The Frankopan Castle, located in the small port township of Kraljevica, has emerged as a significant cultural and artistic hub, fostering international collaborations and art exchanges. Its cutting-edge art programs explore themes of cultural diversity and the transdisciplinary collaborative production of art events, as exemplified by the 3RD-SPC./RP project.
The question of who constitutes the public in these projects remains a subject of ongoing debate. Is it solely the art world, or does the broader local community relate to these initiatives? What is their role and impact, if any? This panel will therefore focus on the potential of participatory art practices in fostering community engagement through collaborative processes. The project proposal if walls could tell, aims to initiate the co-creation of artwork by the citizens themselves, with the artist providing only blank white walls, placed in public space, to invite their expression.

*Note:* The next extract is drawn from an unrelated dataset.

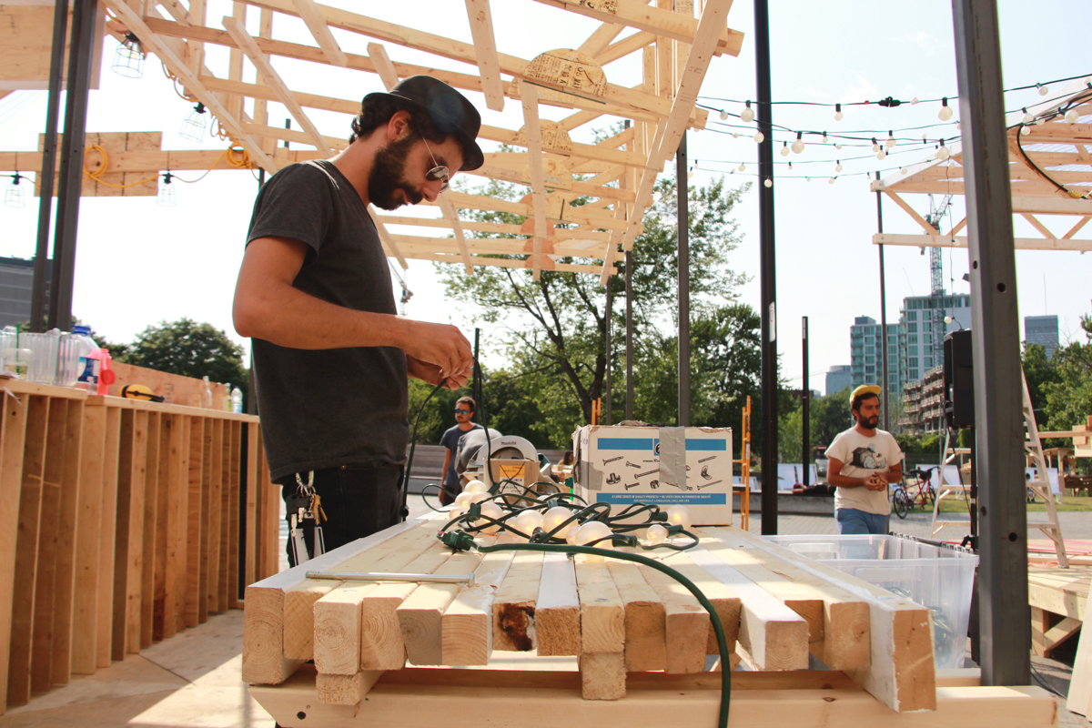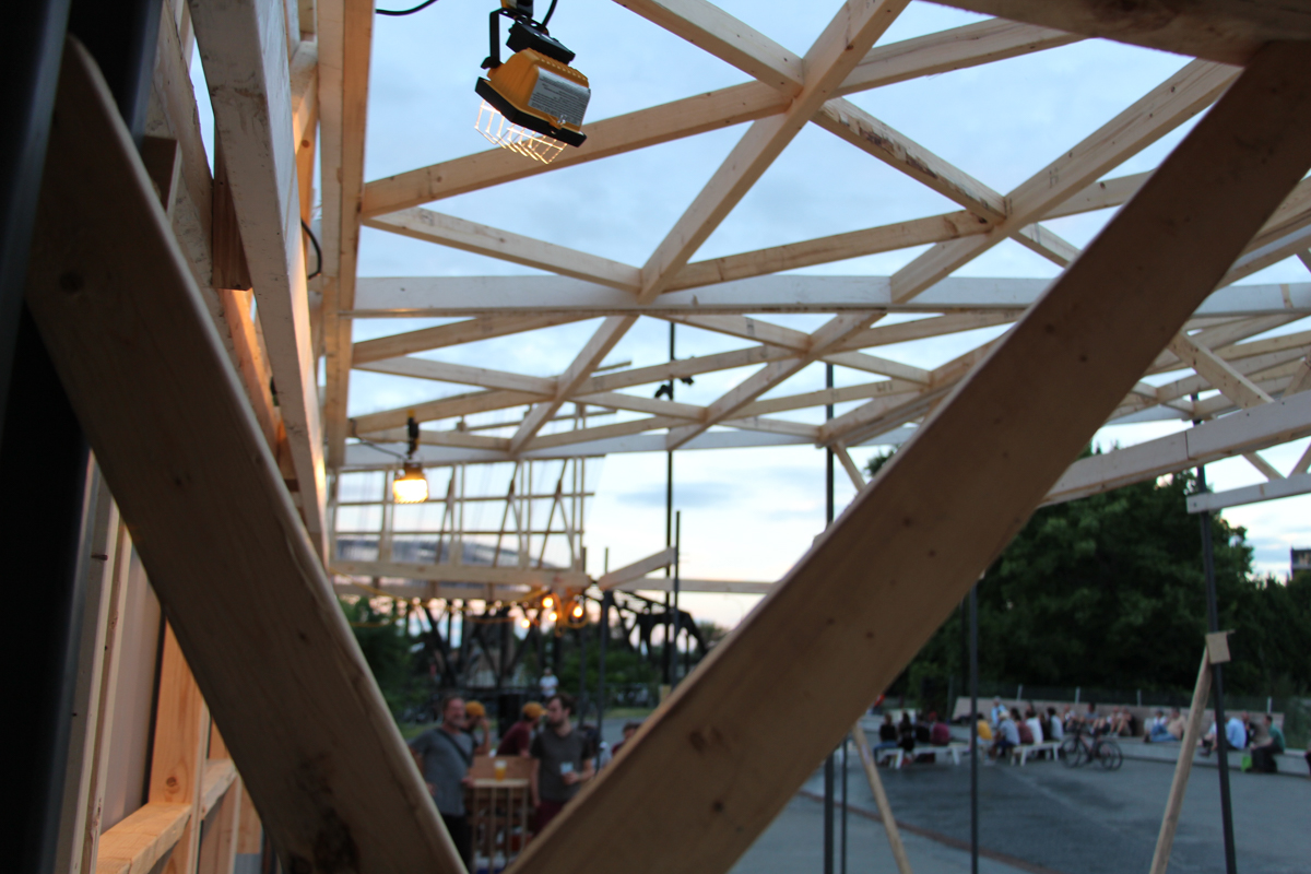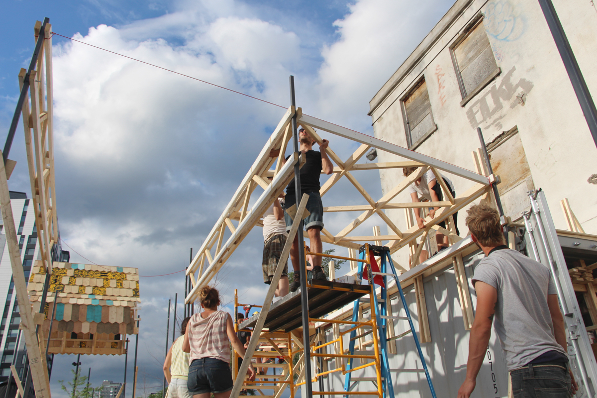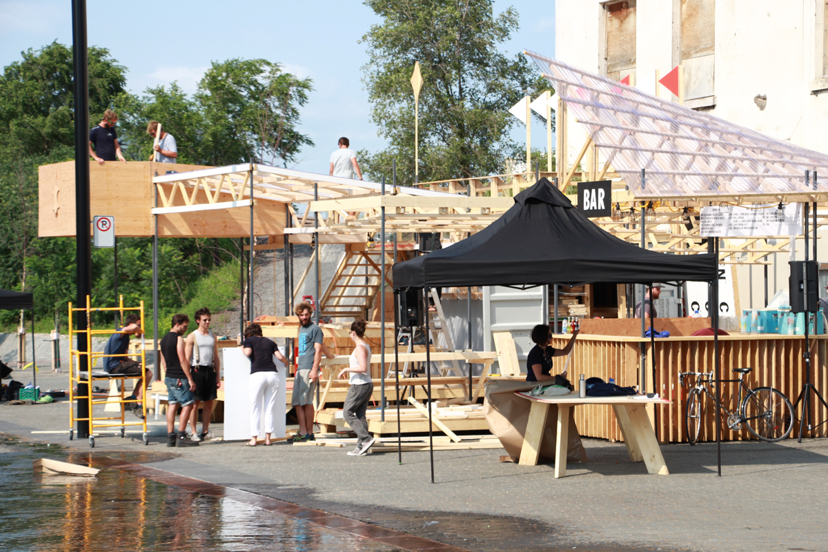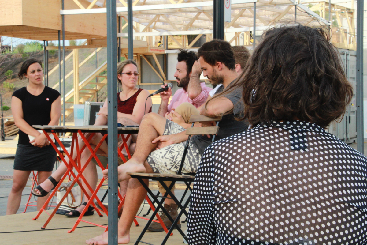 Ainsi, pendant ces deux semaines, c’est pas moins d’une vingtaine de designers qui se sont attelés à la construction de cet espace, qui devait pouvoir être démonté facilement. De nombreux événements festifs, des tables rondes, discussions et autres jouailles locales ont ponctué le chantier. Les vidéos suivantes, réalisées par Hadrien Basch, des Films sur la Comète, que nous avions amené dans nos bagages, racontent le contexte et les enjeux du projet.

The project intends to test the assumption that such collective creative processes empower participants, transforming them from passive consumers of art into active co-authors of shared experiences. The central theoretical framework of this discussion will be the concept of commoning space. In this context, the term commoning carries a more nuanced discursive meaning than the traditional theory of the commons. It offers the potential for creating shared spaces in which participation in the creative process can establish new social relations among diverse local groups, thereby "repairing" the broken bonds of what Jean-Luc Nancy has termed the "inoperative community."
– by Zoran Erić

Kraljevica is a small coastal town in the Primorje-Gorski Kotar County of Croatia, situated on the Kvarner Bay between the mainland and the island of Krk. Its history as a port and fishing community stretches back to the medieval period, and from the twelfth to the seventeenth century it was part of the territory controlled by the Croatian noble families Frankopan and Zrinski, who built two castles in the town, both of which survive. The Frankopan family in particular left an extensive heritage of castles and sacred buildings across the Kvarner region. After the execution of the last Frankopan and Zrinski leaders in Vienna in 1671 for conspiracy against Habsburg rule, the town continued as a maritime community, and its historic shipyard is among the oldest on the Adriatic. In the twentieth century Kraljevica, like much of coastal Croatia, developed a tourism economy alongside its traditional fishing and maritime industries.

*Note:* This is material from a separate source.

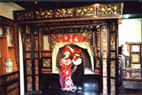 【廂房講解】現(xiàn)在您走進(jìn)的是右?guī),在這里,您所看到的是一張清朝光緒年間的雕花大床,我們土家人稱之為”滴水床“。為何要叫滴水床呢,究其原由,有兩個方面的原因,一方面是因?yàn)檫@張床在風(fēng)格上仿照了士家民居中層檐的層進(jìn)結(jié)構(gòu),層層疊疊,酷似屋檐,一般的床有三層,最多的可達(dá)七層,故稱”滴水“;另一方面則是因?yàn)橥良易逄厥獾娘L(fēng)俗習(xí)慣__哭嫁而得名,哭嫁是土家人典型的婚俗習(xí)慣,過去,土家姑娘十一.二歲開紿學(xué)習(xí)哭嫁,會不會哭嫁成了人們權(quán)衡姑娘聰明或者笨的標(biāo)準(zhǔn)之一,而且要求得哭出眼淚來,眼淚水越多就越吉利,因而取眼淚滴答滴答流淌之意,故稱此床為”滴水床“,據(jù)說一張滴水床制作費(fèi)工費(fèi)時,有時要幾年時間才能得以完工,因此滴水床又稱做為”千工床“。兩邊廂房還擺設(shè)的家具如箱柜,衣廚.衣架.洗臉架.梳妝臺.屏風(fēng).桌椅,無一不飾雕花。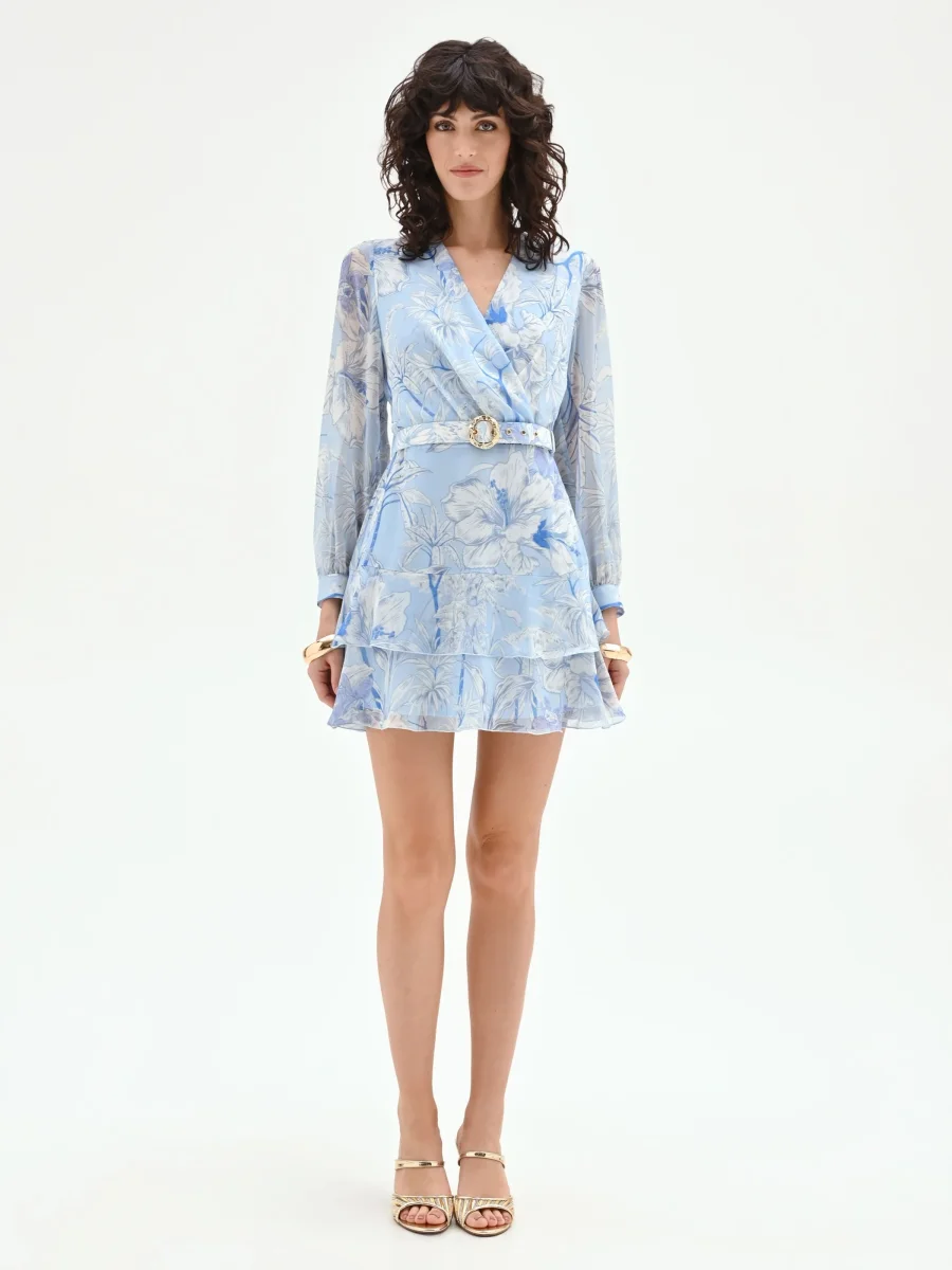 Un delicato motivo floreale sui toni del celeste e del bianco anima questo abito corto, una proposta fresca e femminile per i look da giorno. Realizzato in raso leggero, il suo design fluido accarezza la silhouette con grazia. Il modello si distingue per lo scollo a V a incrocio, che valorizza il décolleté, e per le maniche lunghe leggermente a sbuffo, rifinite da un comodo polsino elasticizzato. La silhouette ad A, sempre attuale, è enfatizzata in vita da una cintura abbinata, impreziosita da una fibbia tonda dorata che aggiunge un punto luce. La gonna corta e svasata acquista un movimento dinamico e romantico grazie alla doppia balza sovrapposta che ne decora l’orlo. La chiusura è affidata a una zip posteriore. Perfetto per un appuntamento informale o un evento diurno, questo abito si presta a diverse interpretazioni di stile, da completare con accessori e calzature di collezione per un outfit curato in ogni dettaglio.

In recent years, the restored Frankopan Castle has become the first station on the cultural route "The Routes of the Frankopans" and has also emerged as a venue for contemporary art programming and international collaboration through the 3RD-SPC./RP project. The 3RD-SPC./RP project raises questions that are central to this catalogue's broader concerns: who constitutes the public for artistic projects in a small community with a specific local identity, and how does participatory art engage residents beyond the networks of the art world? The project *if walls could tell* proposes to address this directly by offering blank white walls in public space as a surface for collective citizen expression, using the concept of commoning space to explore whether participatory creative processes can establish new social relations and repair community bonds in a context shaped by seasonal tourism, postindustrial transition, and a deep but not always visible historical heritage.